Its to bad that a few bad apples had to ruin the antelope hunt .Ronnie has several pm about next year most of these guys never shot a goat. Its been a good hunt. I believe this year was the best .John's dvd is something that I keep forever,Just shows how much fun we had. I have met some great people on these hunts. I wish I got to hunt more with the NJ boys. I heard they where great guys. 
I want to thank Ronnie and Brad for doing it the past 3 years and I totally understand there decision to not have it again. 
On the blind I want to thank Joe for offering to replace the cost. I think it the right thing to do.
Of coarse Ronnie and brad are welcome here in new York. Problem is I don't have much to offer,But what I have you welcome to come hunt anytime. I put you in my best stand. might be a good hunt for cody when he gets old enough.

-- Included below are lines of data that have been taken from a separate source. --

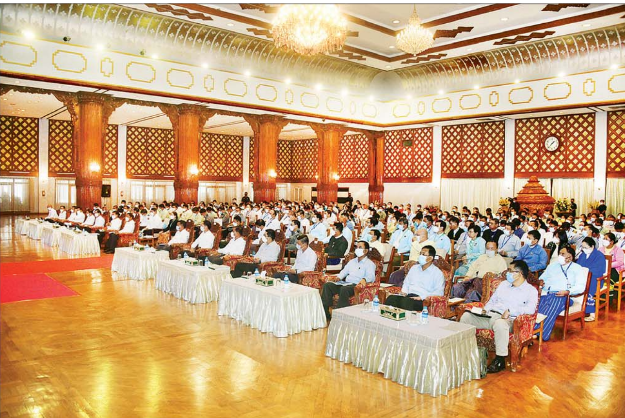
နိုင်ငံတော်စီမံအုပ်ချုပ်ရေးကောင်စီဥက္ကဋ္ဌ နိုင်ငံတော်ဝန်ကြီးချုပ် ဗိုလ်ချုပ်မှူးကြီး မင်းအောင်လှိုင် ရန်ကုန်တိုင်းဒေသကြီးအစိုးရအဖွဲ့ဝန်ကြီးများနှင့် တာဝန်ရှိသူများအား တွေ့ဆုံအမှာစကားပြောကြားစဉ်။
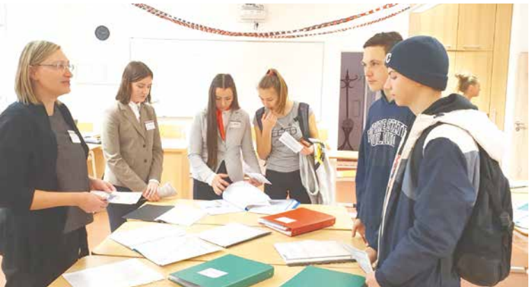
■ Největší zájem návštěvníků budil školní bar, sociální činnost, automechanici, truhláři, vybavení školy, obor Kuchař-číšník, školní kuchyně a další.

Střední škola na Přímětické ulici (SOU a SOŠ SČMSD, Znojmo) uspořádala 10. ledna Den otevřených dveří. Na škole se ve stejný den konal také první ročník školní soutěže Svačinka na Přímce. Budova školy se zaplnila třemi stovkami návštěvníků, kteří se zajímali o jednotlivé obory i přírodovědné či humanitní předměty. Prezentace byla pestrá - od češtiny a cizích jazyků, přes maturitní zkoušky, zahra-
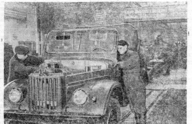
Ульяновские автомобилестроители решили достойно встретить выборы в Верховный Совет СССР. Они обязались дать по дню выборов 50 автомашин сверх плана. Коллективы всех цехов и участков настойчиво борются за выполнение этого обязательства. На снимке: сборка очередной партии автомобилей ГАЗ-69 на главном конвейере Ульяновского автозавода.
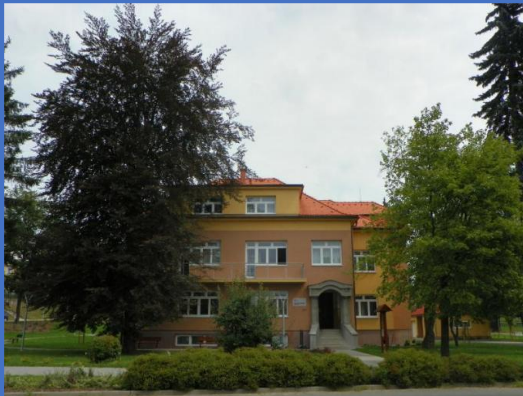
Městská knihovna Slavičín – ocenění v roce 2017
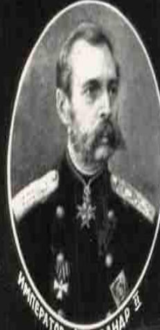
ИМПЕРАТОР АЛЕКСАНДР II 1855 - 1881
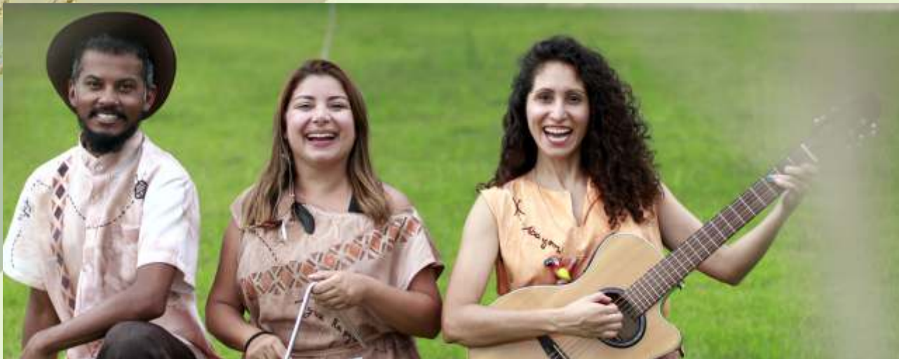
Voando nas Memórias
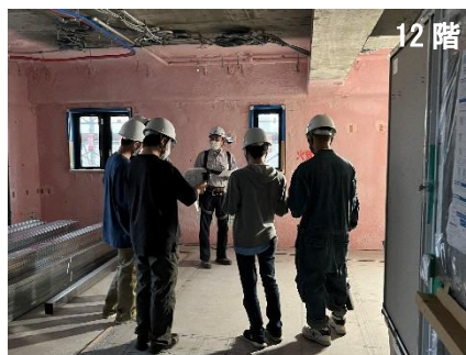
12階：ユニットバス組立工事
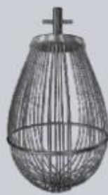
Венчик из тонкой проволоки
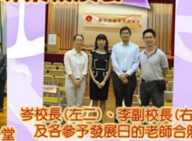
岑校長(左二)、李副校長(右二)及各參予發展日的老師合照
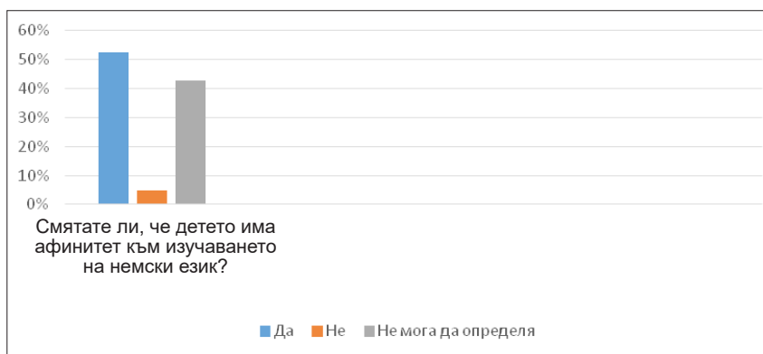
Фигура 2. Афинитет към изучаване на немски език

На въпроса „Смятате ли, че детето има афинитет към изучаването на немски език?“ 54% от анкетираните дават положителен отговор, 39% от тях не могат да определят, а 7% посочват, че детето не показва предпочитания да учи немски език в тази възраст. Графично резултатите се визуализират на фиг. 2.
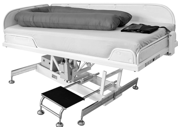
Рис. 8. Стол инверсионный для лечебного воздействия на пациента*

* Центр авиакосмической медицины. «Сухая» иммерсия – невесомость по рецепту [электронный ресурс]. – Режим доступа: http://amc-si.com/sukhaya-immersiya . – Дата доступа: 2007.
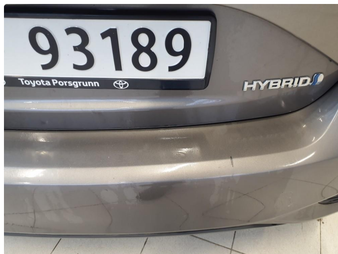
1.2 Noen bruksmerker
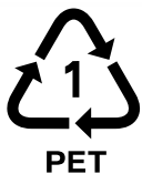
▲ペットボトルの識別表示

違うため、一緒にリサイクルすることができません。ペットボトルを出す際には、本体に表示されているマークを確認してください。
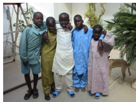
11/01/2006 Fête de la Tabaski
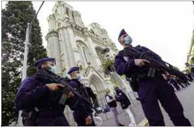
La France menace d'expulser 231 étrangers radicalisés originaires du Maghreb.

Une collégienne de 12 ans a diffusé une photo macabre de Samuel Paty, les faits d'apologie du terrorisme explosent en France depuis l'assassinat mi-octobre du professeur, tué pour avoir montré des caricatures de Mahomet. Cet assassinat, qui a choqué la France, provoque aussi des réactions sinistres. Selon France Info, près de 200 enquêtes ont été ouvertes au cours de la dernière semaine d'octobre pour apologie du terrorisme, menaces de mort, injures ou provocations à la haine en lien
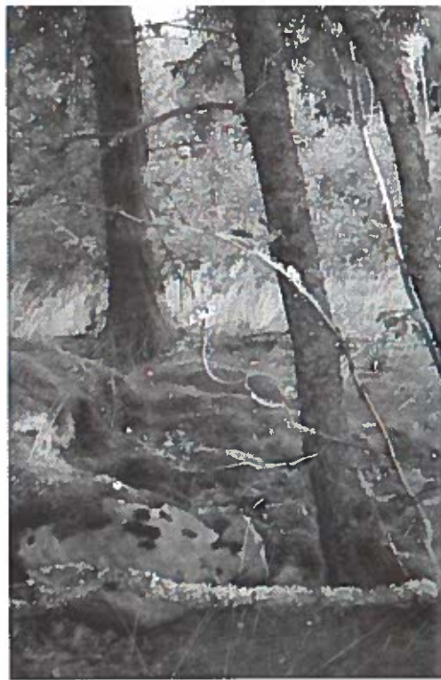
En heks finder inspiration til aftenens ritual i skoven.

mange associationer og trækker ligeledes tråde tilbage i historien: Vi kender den historiske heks, den sociale syndebuk, der blev brændt på bålet beskyldt for at have forgjort mælken, lavet pagter med djævlens eller kastet en forbandelse over retsrafne folk. Men vi kender også hekse fra eventyr, hvor de optræder som krumryggede, tussegamle koner der bor dybt inde i skoven, forgabt over boblende gryder med grønne væsker. Og vi kender Sankt Hans heksen som vi, til mange tilflytters store overraskelse, brænder af i fællesskab og glæde til tonerne af Shubidua. Endeligt kender vi den idealiserede heks, som blev bannerfører i feminismens kamp om kvindernes frigørelse: Heksen som symbol på den nøgendansende livsnyder, der både tør og
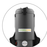
16% de plastique recyclé
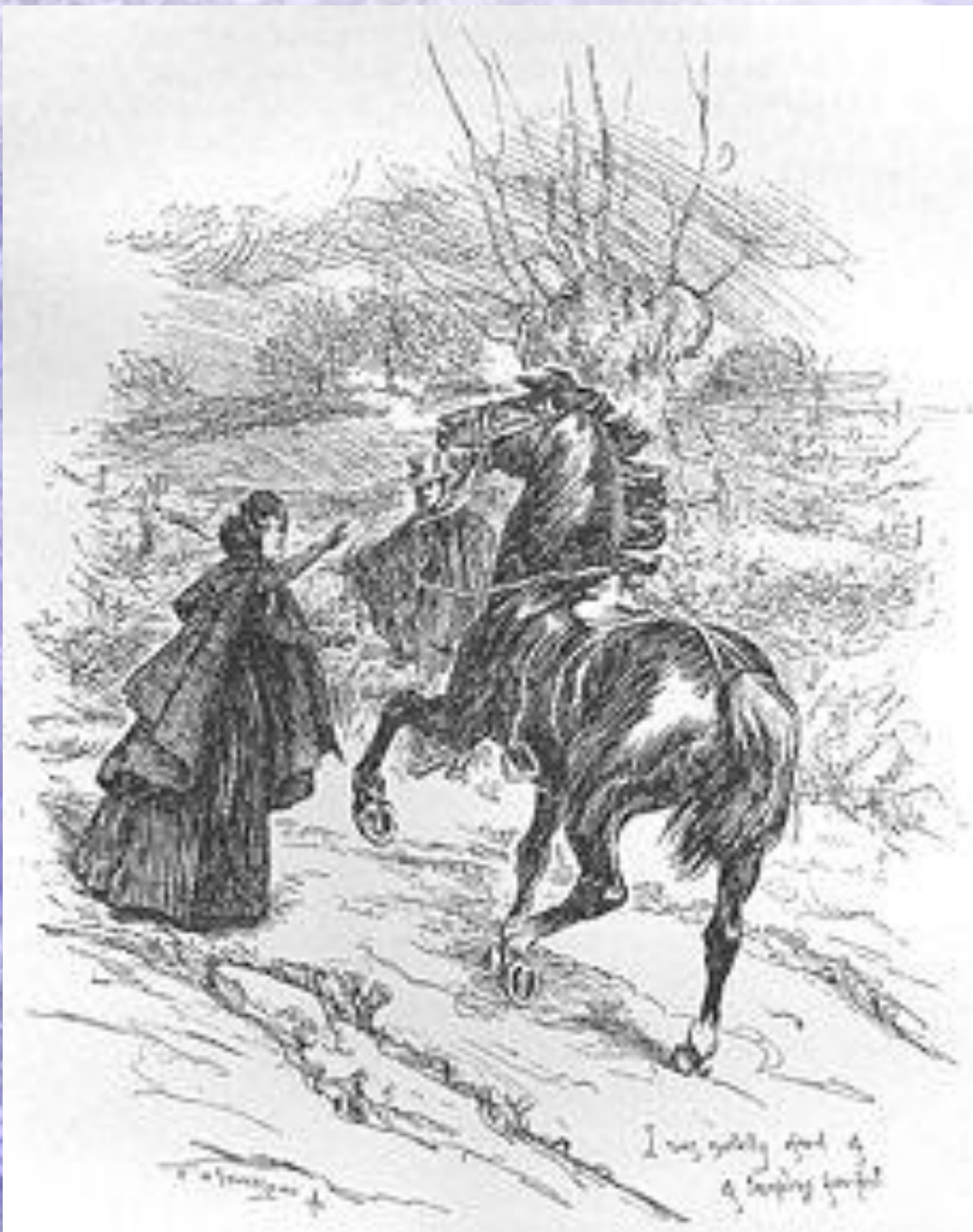
Джейн Эйр впервые встречает мистера Рочестера
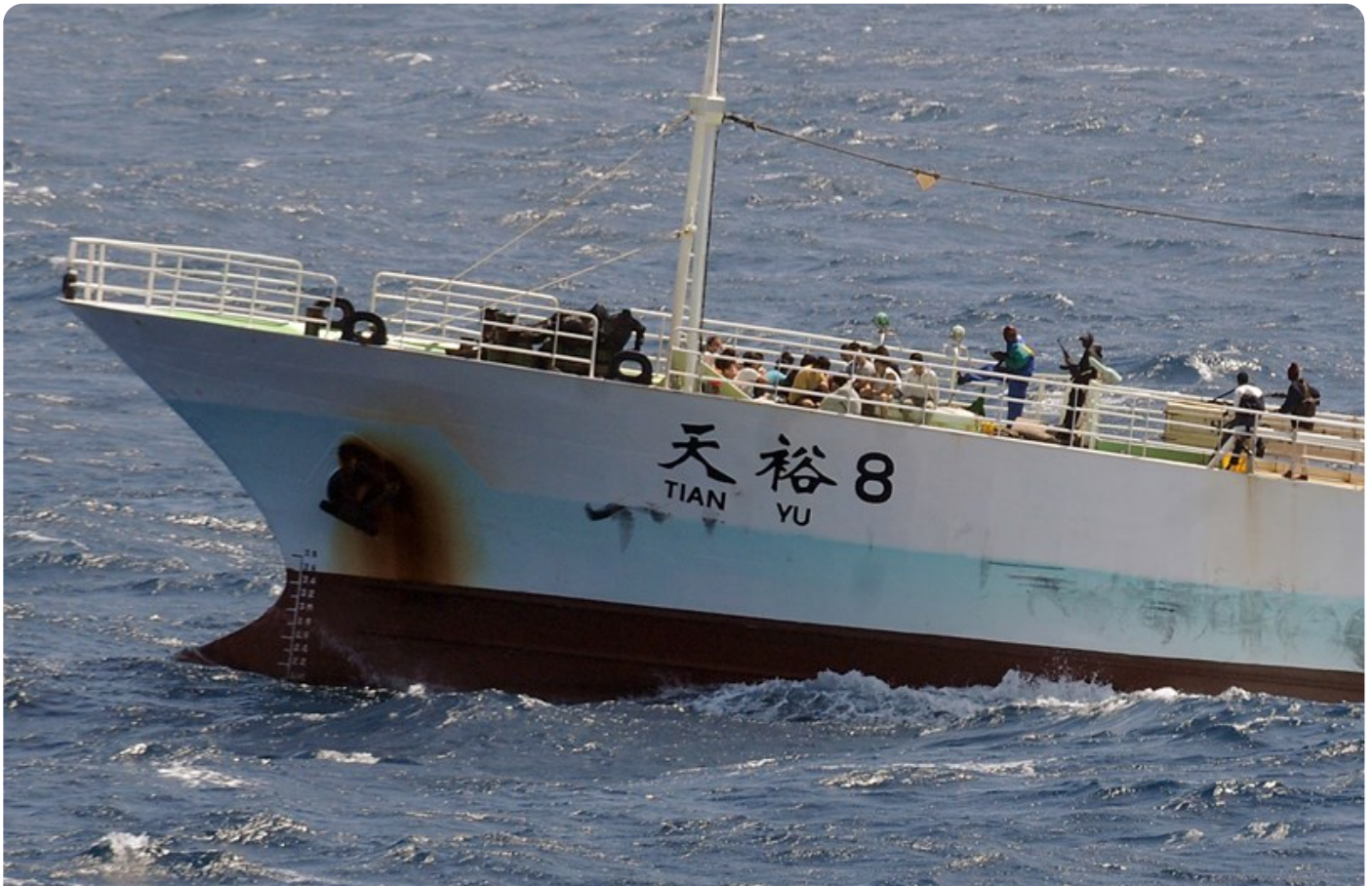
פיראטים סומלים חמושים מחזיקים על הסיפון בצוותה של אוניית הדיג הסינית "טיאני 8", 17 בנובמבר 2008

בעוד סוגי פעולות אלה פחתו מאז, 9 הרכב הכוח של הבסיס הסיני מרמז על טווח רחב יותר של משימות עתידיות פוטנציאליות, בין היתר משימות של כוחות מיוחדים, לוחמה אלקטרונית ולוחמת סייבר. בהיותו הבסיס הפעיל היחיד של חיל הים הסיני הרחק ממדינת האם, הוא מעורר דאגה בקרב האמריקנים שחושדים שהוא נועד להדגים את הרובד הצבאי של "יוזמת החגורה והדרך" של סין. הכוונות הצבאיות האגרסיביות שמיוחסות על-ידי האמריקנים לסינים בחלק זה של העולם טרם עמדו למבחן. אף על פי כן, הדרישה מן השחקנים האזוריים לבחור צד בין ארצות-הברית ובין סין גוברת ומוסיפה לחצים, עם פוטנציאל לפגוע באינטרסים אמריקניים (בראייה ארוכת טווח). 10
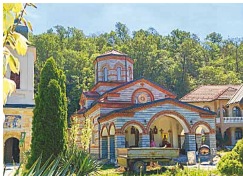
Во Введенском Милькове монастыре
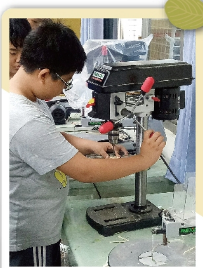
同學利用鑽床幫材料鑽洞
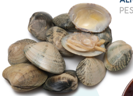
ALMEJA NEGRA 40/60 PESCATRADE – 10X1KG.
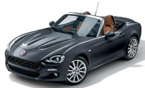
GRIS MODA - PEINTURE MÉTALLISÉE

As far as a 4th archery talk hunt . We can still do this , Just a few options come to mind. North Dakota mule deer. South Dakota Antelope .they had some winter kill last year,but will recover. maybe someone come jump in and offer some public hunting they know about.


----------



## manboy (Mar 24, 2005)

NEWYORKHILLBILLY said:


> Its to bad that a few bad apples had to ruin the antelope hunt .Ronnie has several pm about next year most of these guys never shot a goat. Its been a good hunt. I believe this year was the best .John's dvd is something that I keep forever,Just shows how much fun we had. I have met some great people on these hunts. I wish I got to hunt more with the NJ boys. I heard they where great guys.
> I want to thank Ronnie and Brad for doing it the past 3 years and I totally understand there decision to not have it again.
> On the blind I want to thank Joe for offering to replace the cost. I think it the right thing to do.
> Of coarse Ronnie and brad are welcome here in new York. Problem is I don't have much to offer,But what I have you welcome to come hunt anytime. I put you in my best stand. might be a good hunt for cody when he gets old enough.
> ...


lol, someone offer public land they know of....its been 3 years and 30 guys later and there has been no offer for public land or private to do the next AT hunt......


Mike, 
you and i know if theres a 4TH Antelope hunt, someone is going to have to do some research, and put things togather.......and for the guy that does this he should be repayed somehow by the hunters joining in on the fun.....i don't know a free hot dog roast or something......


----------



## popeye77 (Mar 16, 2009)

I am sadden that it has turned out this way.
After my divorce in 08, I met several guys here on AT and went on some hunts. It was because of guys like you that I was able to go on.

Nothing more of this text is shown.